When a client receives a message from one of its neighbors, it should display that message to the local user and relay it to its other neighbors. You’ll need to be careful not to send a message back to the client it was received from, otherwise you’ll end up with duplicate messages.

Recovering from Failure

If a client loses a connection to one of its children, you can simply proceed without doing anything special. You do need to handle the case where a client loses its connection to its parent. In this case, the client should contact the directory server to request a new list of potential peers. It is possible you will see some lost of duplicated messages during client recovery. That’s fine for this lab, but we can discuss strategies for avoiding these problems in a more full-featured system.

Avoiding Cycles

One issue that came up in class is the possibility for creating circular networks. During normal operation the network will have a tree structure (hence the parent/child names), but recovery could lead a node to connect to one of its grandchildren. This same issue could also lead to a network partition. To avoid this problem the directory server should only suggest potential parents to a client that have been in the network longer than that client. That means the oldest client in the network will be the root of the tree. If the root client disconnects, the older of its two children will become the new root. In this case, the directory server will suggest zero potential parents to the new root node. All other children of the old root (the client that disconnected) will receive at least one suggested parent.

Client Shutdown

Clients should report shutdowns to the directory server, then close all of their connections. Any children of the client will recover from the loss of connection to their parent, so there’s no need to notify them of the connection loss.

Messages

Clients will only exchange chat messages with one another; all the other mechanisms revolve around opening and closing TCP connections. Chat messages only need to contain the username and message.

Hints

You can begin by implementing clients without a directory server. Instead of passing in a directory server on the command line, provide a client IP address and port at startup. That will allow you to test everything except the recovery mechanisms before implementing a directory server.

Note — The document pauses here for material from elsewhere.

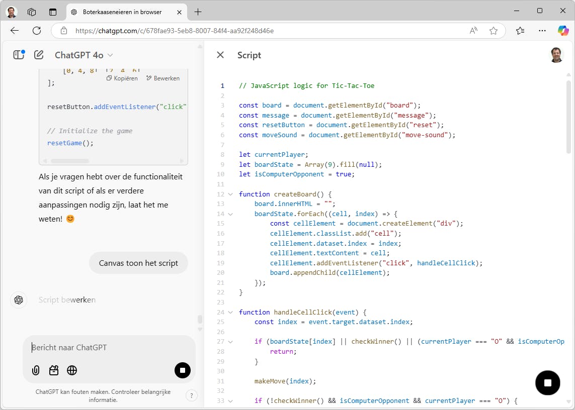 We beginnen met een eenvoudig voorbeeld en vragen aan ChatGPT om een spelletje boter-kaas-en-eieren te maken, ook wel bekend als tic-tac-toe. Hoewel het Engels soms betere resultaten kan geven, werken we voor dit artikel volledig in het Nederlands. We starten met deze prompt: “Maak een volledig functionele boter-kaas-en-eieren voor in een browser. Maak de HTML-structuur, voeg CSS-stijlen toe en implementeer de JavaScript-logica. Maak een scheiding tussen HTML, CSS en JavaScript. Zorg dat het programma responsief is zodat het bij elke schermgrootte werkt.”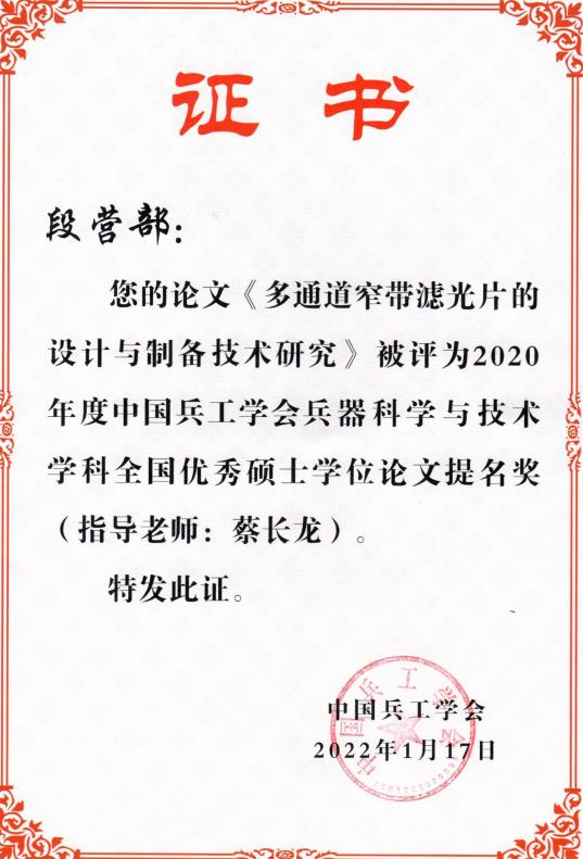 2022年1月17日,中國兵工學(xué)會公布了第五屆兵器科學(xué)與技術(shù)學(xué)科全國優(yōu)秀博士、碩士學(xué)位論文評選結(jié)果。本次評選共評出19篇優(yōu)秀學(xué)位論文及提名獎,其中優(yōu)秀博士學(xué)位論文4篇,優(yōu)秀博士學(xué)位論文提名獎4篇,優(yōu)秀碩士學(xué)位論文10篇,優(yōu)秀碩士學(xué)位論文提名獎1篇。我校兵器科學(xué)與技術(shù)學(xué)科碩士生段營部的碩士學(xué)位論文“多通道窄帶濾光片的設(shè)計與制備技術(shù)研究”榮獲優(yōu)秀碩士學(xué)位論文提名獎,這是我校首次獲此殊榮。

Implementation Requirements

We’ve discussed a number of useful features or potential points of failure that could come up in a distributed system, but you do not need to handle all of them. Here is an exhaustive list of the requirements for your implementation.

  1. Clients should be able to initiate a connection to the network by first contacting the directory server.
  2. Clients in the network should be able to exchange messages through the network, avoiding partitions and cycles (see the “Avoiding Cycles” hint above).
  3. When a client loses its parent connection, it should reestablish a new parent connection (unless it becomes the new root client)
  4. If the directory server crashes, existing clients should be able to continue exchanging messages.

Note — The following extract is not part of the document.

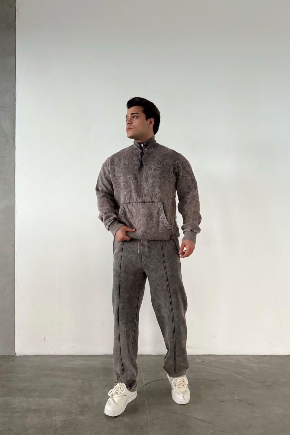 Yıkamalı Kahve Yarım Boğazlı Sweat

Any failure recovery mechanisms beyond the above list are not required. Here are a few cases you specifically do not need to handle:

  1. You do not need to recover from a directory server crash. Existing clients should continue functioning, but a new directory server would effectively be a new chat network.
  2. You do not need to handle simultaneous failures of multiple nodes in the network, including the directory server.
  3. You do not need to handle cases where a client becomes entirely inaccessible (e.g. total network or power failure).

If you are concerned about any other potential failures I am happy to discuss them.